You can contact their staff via Boards.ie if you don't want to telephone them and get into a live conversation.


----------



## jmn183 (5 Sep 2015)

3 Ireland Mobile phone coverage is currently worse than Eircell's 088 analogue system from the 1990'S, It is not a fit for purpose service and the Regulator should have it investigated. One of the choices on 3 Customer Care is an option if you wish to leave the service, hello.
It is no surprise that Vodafone, Meteor and Emobile are reaping the benefit.
It appears that 3 has shut down all the existing O2 transmitters and and dropped all the existing O2 traffic onto their existing 3 network, a little like putting 50 ton on a 5 ton vehicle and expecting it to travel up a mountain road.
The 3 promise when taking over O2 was " nothing will change " lol


----------



## vandriver (5 Sep 2015)

I've been on 3 for 10 years or more,and while nowadays I'm mainly in Dublin 6/12 ,I have travelled extensively in the past.I simply don't recognise your experience of 3s signal.


----------



## monagt (6 Sep 2015)

> Keep complaining ....



+1


----------



## Leo (7 Sep 2015)

jmn183 said:


> 3 Ireland Mobile phone coverage is currently worse than Eircell's 088 analogue system from the 1990'S, It is not a fit for purpose service and the Regulator should have it investigated.

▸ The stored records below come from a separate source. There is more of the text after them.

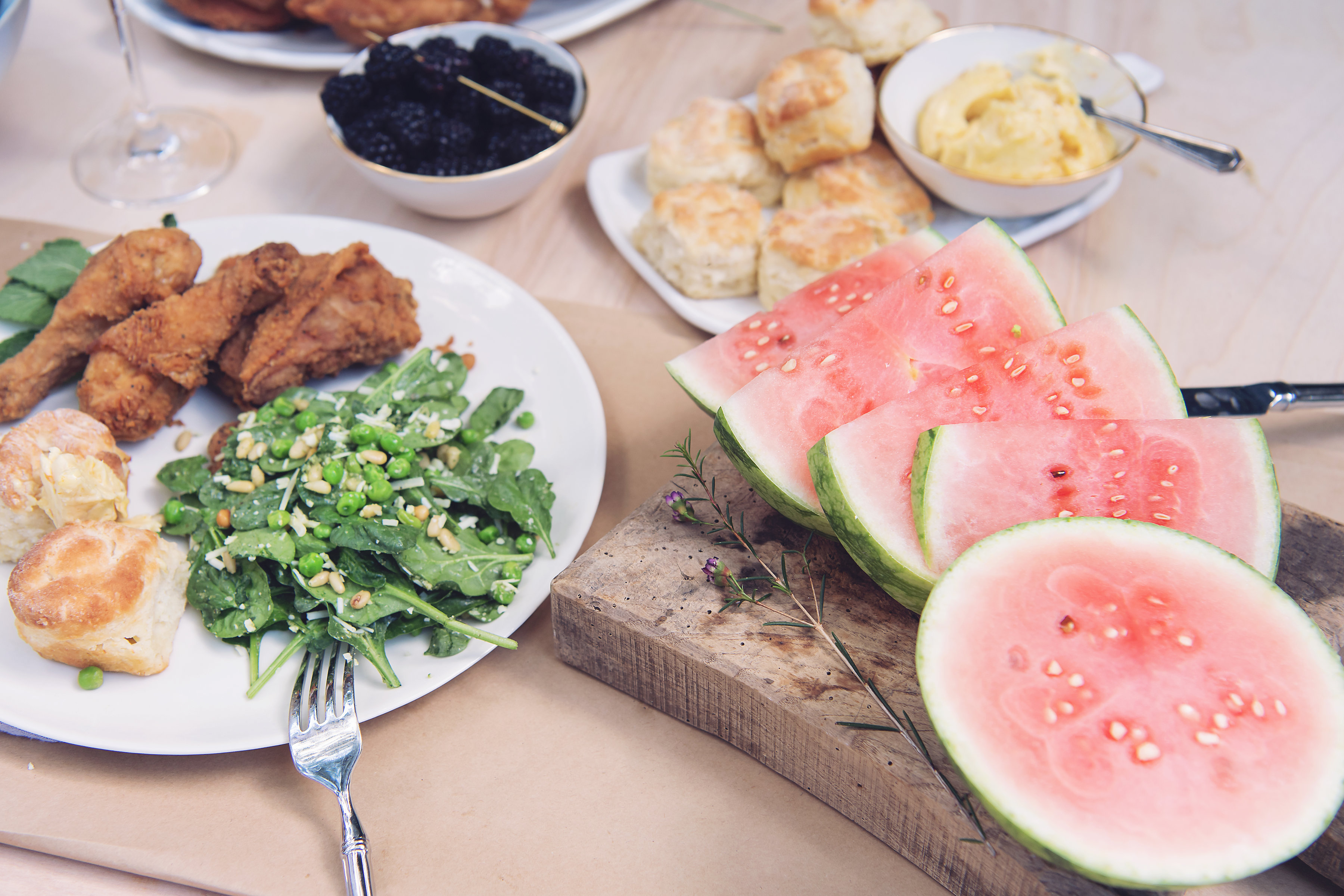 Recently, Caroline Harper Knapp asked me to provide the menu for an easy Memorial Day gathering. This spinach salad was of course on the menu, along with purchased fried chicken, my orange blossom honey butter, buttermilk biscuits and watermelon slices. Easy (spinach salad) peasy.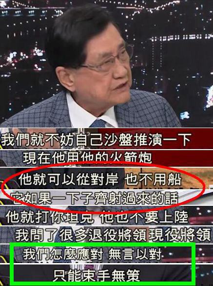 臺灣時事評論員葉耀鵬更大膽的為兩岸“武統(tǒng)戰(zhàn)爭”做了沙盤推演,遺憾的是,他的問題令臺軍現(xiàn)役及退役將領(lǐng)——無言以對!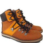 These boots combine tan calfskin leather and tan suede with laces, ideal for outdoor mountain adventures. Crafted in Italy by skilled artisans using natural materials, they ensure both quality and your child's comfort. The rubber sole provides excellent stability, while the ergonomic insole supports healthy posture. Stylish and thoughtfully designed for your child's well-being.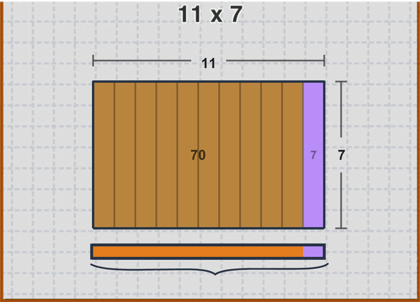 In Mt. Multiplis students explore this property by using groups of wooden planks to build bridges. To fill a 7 by 8 area, students drag over 5 planks of 8 and then drag over another 2 planks of 8.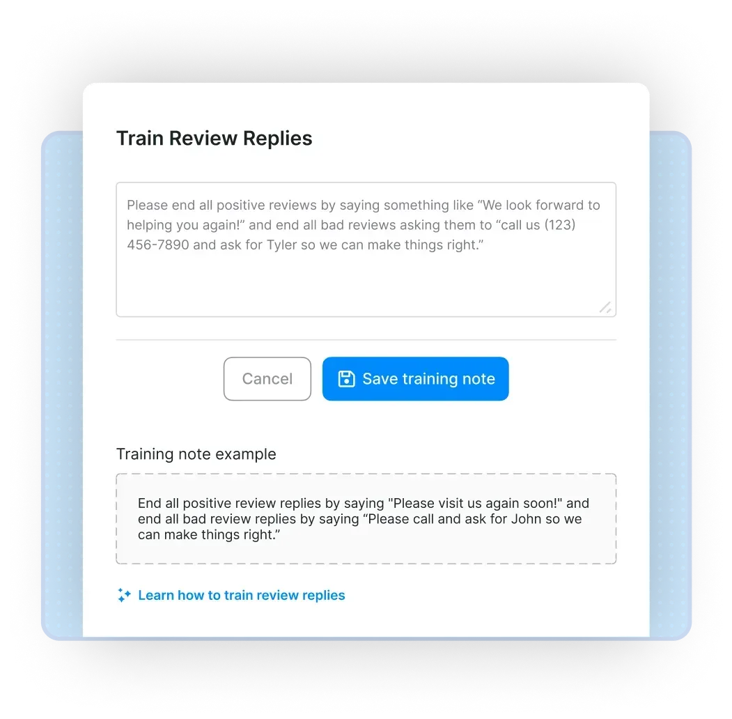You can train our AI to sound exactly how you want, and to handle certain types of reviews exactly how you would. Your customers will have no idea you didn’t write the review response yourself.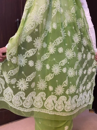 The saree features beautifully handcrafted Chikankari embroidery, highlighting a finely detailed pallu and delicately designed borders that reflect the richness of authentic Lucknowi artistry. Its soothing green tone adds a fresh and sophisticated appeal, making it suitable for festive occasions, casual gatherings, or elegant evening wear.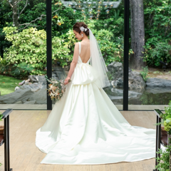 アイボリーのような色味とドレープになっているトレーンがお気に入りです。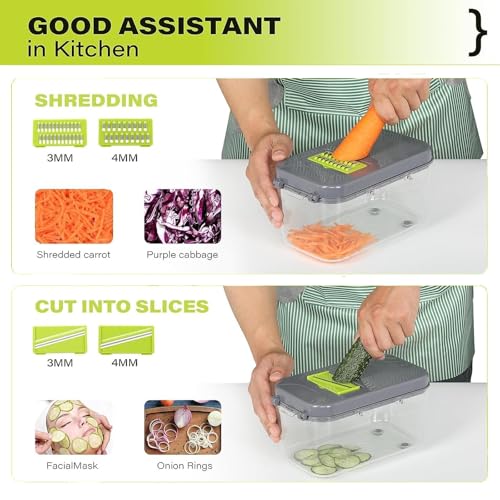 - 【مجموعة ملحقات المطبخ 22 في 1】 تتضمن قطاعة الخضروات متعددة الوظائف هذه 13 شفرة قابلة للتبديل للتقطيع والفرم والبشر والتشريح، بالإضافة إلى واقي يد وفرشاة تنظيف وقطاعة بيض وسلة تصريف قابلة للطي وغطاء مقاوم للغبار. سواء كنت تحضر الفواكه أو الخضروات أو الجبن، فإن هذه المجموعة الشاملة تسمح لك بتخصيص حجم القطع والتصميم دون عناء لتناسب أي وصفة.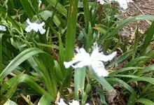 扁竹兰是鸢尾科鸢尾属植物,多年生草本。根状茎横走,直径4-7毫米,黄褐色,节明显,节间较长;须根多分枝,黄褐色或浅黄色。地上茎直立。叶10余枚,密集于茎顶,基部鞘状,互相嵌迭,排列成扇状,叶片宽剑形,…全部>>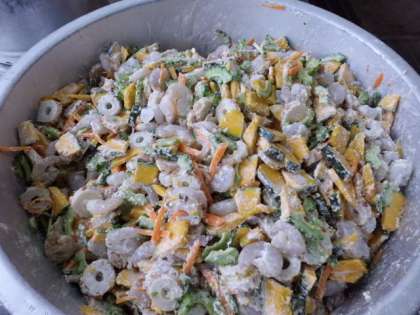 夏が旬の「かぼちゃ」と「ゴーヤ」を使って作りました。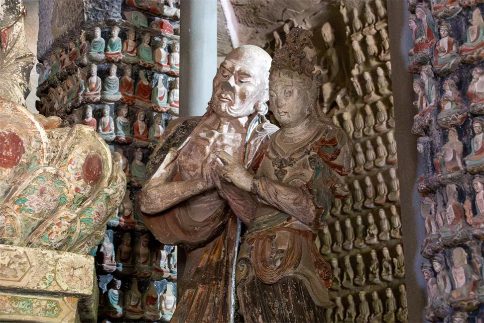 鐘山石窟一號(hào)窟雕像中,玄奘在前,圓形頭光,雙手合十,禮拜左側(cè)觀音,身后為一胡人形象,高鼻、深目、蓄發(fā),有發(fā)帶或瓜皮小帽一類的束發(fā)物,身著圓領(lǐng)窄袖袍服,右手牽馬,馬背駝物應(yīng)為經(jīng)卷。該組雕像只有玄奘、“猴行者”“白馬馱金”,沒有《西游記》中記載的豬八戒和沙和尚,不僅修正了“玄奘取經(jīng)圖”誕生于瓜州地區(qū)的觀點(diǎn),而且還印證了唐玄奘西天取經(jīng)的史實(shí),將《西游記》的故事向前推進(jìn)了500余年。

Did you check their online coverage [broken link removed] before deciding to sign-up, or are there issues where their coverage does not match the published map?


----------



## so-crates (7 Sep 2015)

I have been an long-term 3 customer for mobile broadband data and a recent acquisition when they took over O2 for mobile phone. I have rarely had major issues with signal in most places I have been but as I am generally in and around Leinster it could be that I am just lucky. Or it could be that as I am not a massive chatter on the phone I just haven't noticed any issues  (My broadband usage would be considerably higher so I would notice problems there)

I do recall receiving a text message from 3 recently warning of service issues due to an upgrade programme. I have deleted it so I don't have the text but it would appear that they at least were anticipating issues.


----------



## MrEarl (8 Sep 2015)

so-crates said:


> ...I do recall receiving a text message from 3 recently warning of service issues due to an upgrade programme. I have deleted it so I don't have the text but it would appear that they at least were anticipating issues.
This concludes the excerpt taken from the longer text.